Simple HPO Tutorial#

This tutorial provides a step-by-step guide on how to use Hyper-Parameter Optimization (HPO) for classification tasks. In this tutorial, we will optimize the learning rate and batch size using HPO.

Setup virtual environment#

1. You can follow the installation process from a quick start guide to create a universal virtual environment for OpenVINO™ Training Extensions.

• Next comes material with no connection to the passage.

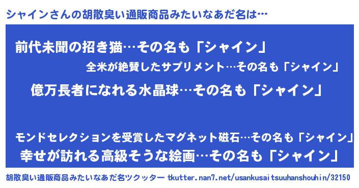 | ヘコむあだ名 | 『シャふぇ~』『シャイン(笑)』 |

2. Activate your virtual environment:

.otx/bin/activate
# or by this line, if you created an environment, using tox
. venv/otx/bin/activate

Build workspace#

First, let’s build a workspace. You can do this by running the following command:

(otx) ...$ otx build --train-data-roots data/flower_photos --model MobileNet-V3-large-1x

[*] Load Model Template ID: Custom_Image_Classification_MobileNet-V3-large-1x
[*] Load Model Name: MobileNet-V3-large-1x
[*] Saving data configuration file to: ./otx-workspace-CLASSIFICATION/data.yaml

(otx) ...$ cd ./otx-workspace-CLASSIFICATION

Note

This is copied from Classification model. You can find more detail explanation from it.

Set hpo_config.yaml#

Before running HPO, you can configure HPO using the hpo_config.yaml file. This file contains all the information that the HPO module needs, including the hyperparameters that you want to optimize. The file is located in the workspace you have made and comes with default values.

Here’s the default hpo_config.yaml:

metric: accuracy
search_algorithm: asha
hp_space:
  learning_parameters.learning_rate:
    param_type: qloguniform
    range:
      - 0.0007
      - 0.07
      - 0.0001
  learning_parameters.batch_size:
    param_type: qloguniform
    range:
      - 32
      - 128
      - 2

Although this default configuration can be used for HPO, the search space for the learning rate is too wide. Therefore, we will modify the configuration file slightly to make the search space more reasonable. You can easily modify the configuration file to optimize different hyperparameters.

Here’s the updated hpo_config.yaml:

...
  ...
  ...
    learning_parameters.learning_rate:
      param_type: quniform
      range:
        - 0.001
        - 0.01
        - 0.001
  ...
  ...
  ...

By modifying the hpo_config.yaml file, you can easily change the search space or hyperparameters that will be optimized during the HPO process.

Run OpenVINO™ Training Extensions#

Now it’s time to run OpenVINO™ Training Extensions. You can enable HPO by adding the argument –enable-hpo. By default, HPO will use four times the time allocated to training. However, if you are short on time, you can reduce the time for HPO as training by adding the argument –hpo-time-ratio and setting it to 2. This means that HPO will use twice the time allocated to training.

Here’s an tutorial command:

$ otx train \
    ... \
    --enable-hpo \
    --hpo-time-ratio 2

With this command, HPO is automatically set to use twice the time allocated for training. You can easily adjust the HPO time allocation by modifying the value of the –hpo-time-ratio argument.